VMware vCenter Server 6.5.x
VMware vSphere ESXi 6.5

Cause

  • The security domain policy of the destination ESXi host contains the correct permissions for the virtual machine after the migration is complete, but not during the migration.
  • Certain paths (such as the swap file) may be in a transient state while the configuration file is not yet finalized. As a result, hostd detects a false positive when verifying the content of the config file and terminates the storage vMotion task.

Resolution

  • This is a known issue affecting the ESXi 6.5 version. 

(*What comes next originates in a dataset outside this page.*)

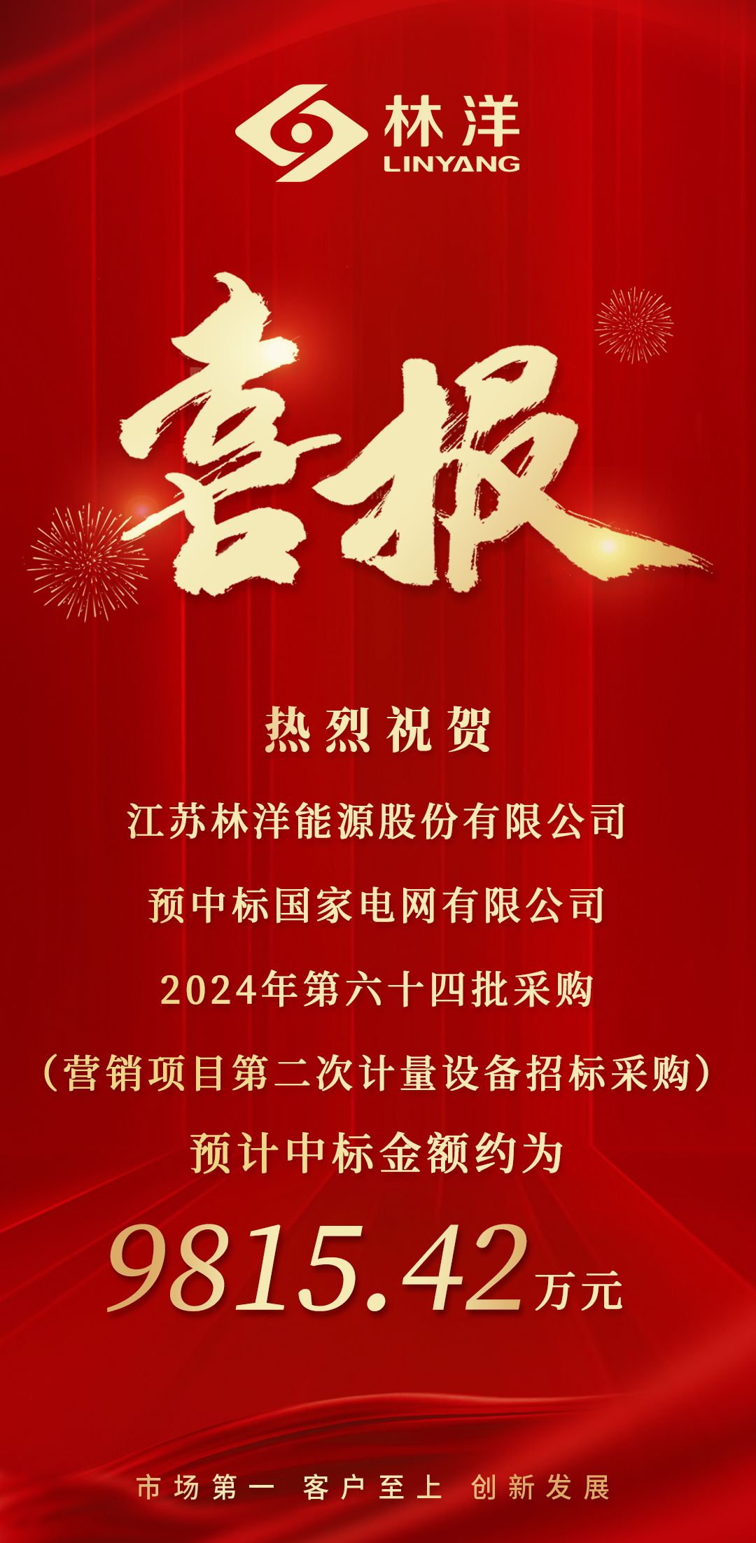 8月29日,林洋能源(601222.SH)發(fā)布公告,預(yù)中標(biāo)國家電網(wǎng)有限公司2024年第六十四批采購(營銷項(xiàng)目第二次計(jì)量設(shè)備招標(biāo)采購)項(xiàng)目,共中6個包,預(yù)計(jì)中標(biāo)金額約為9815.42萬元,這是市場與客戶對林洋產(chǎn)品、品牌以及實(shí)力的信賴與肯定!
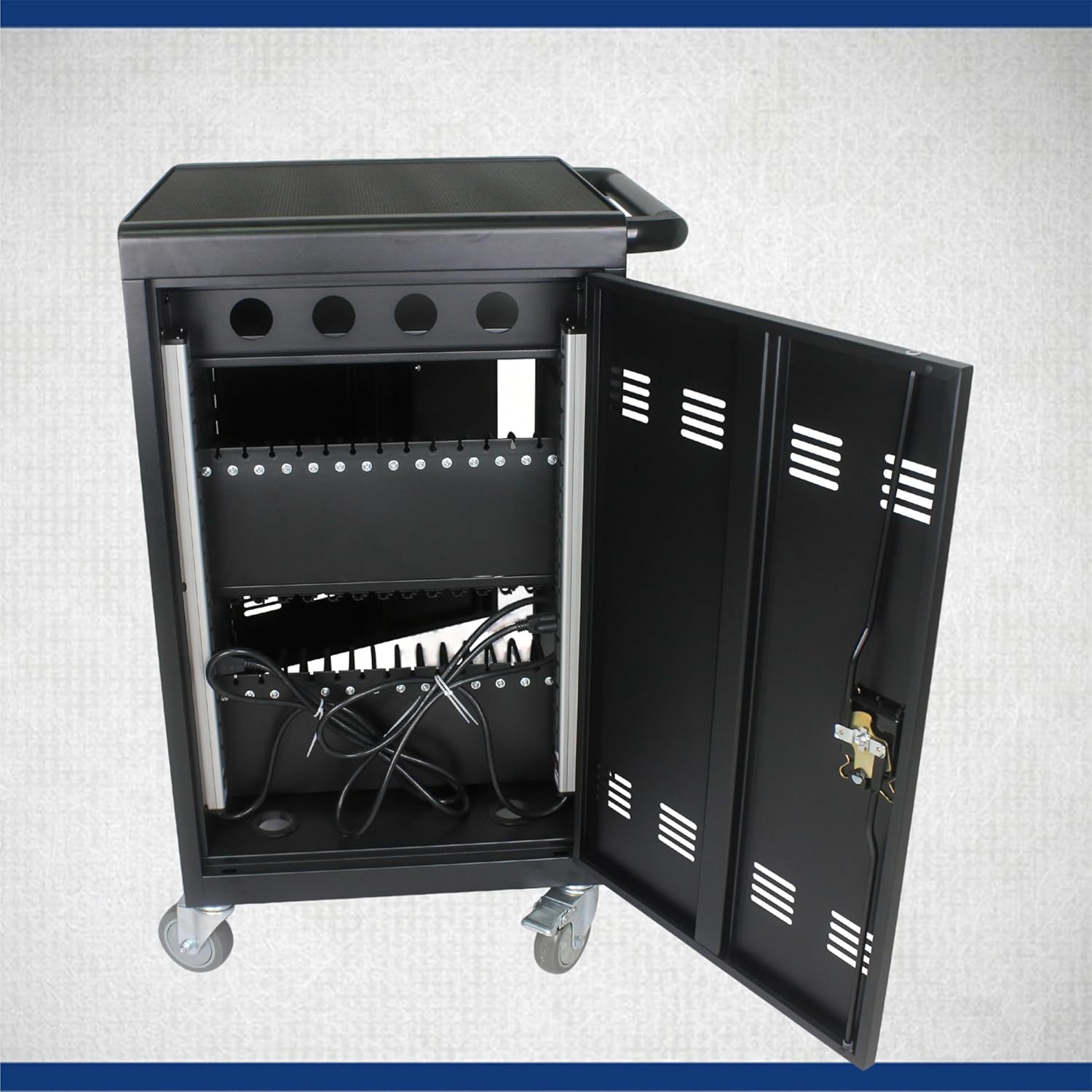 - 【Locking & safety】:charging cart with lock & key for the front and back door, will Protect your devices when it's in working or you are moving the cart. And 2 locking caster wheels will keep cart in place.

  • This issue is resolved in ESXi 6.5 U1 version, and available at Broadcom Downloads.

  • To work around this issue without performing an upgrade, add this option to the /etc/vmware/hostd/config.xml file to disable the logic that triggers the false positive.
    <config>
    <plugins>
    <vmsvc>
    <enforceVmxSandbox> false </enforceVmxSandbox>
    </vmsvc>
    </plugins>
    </config>
Note: The hostd process will need to be restarted for the option to take effect.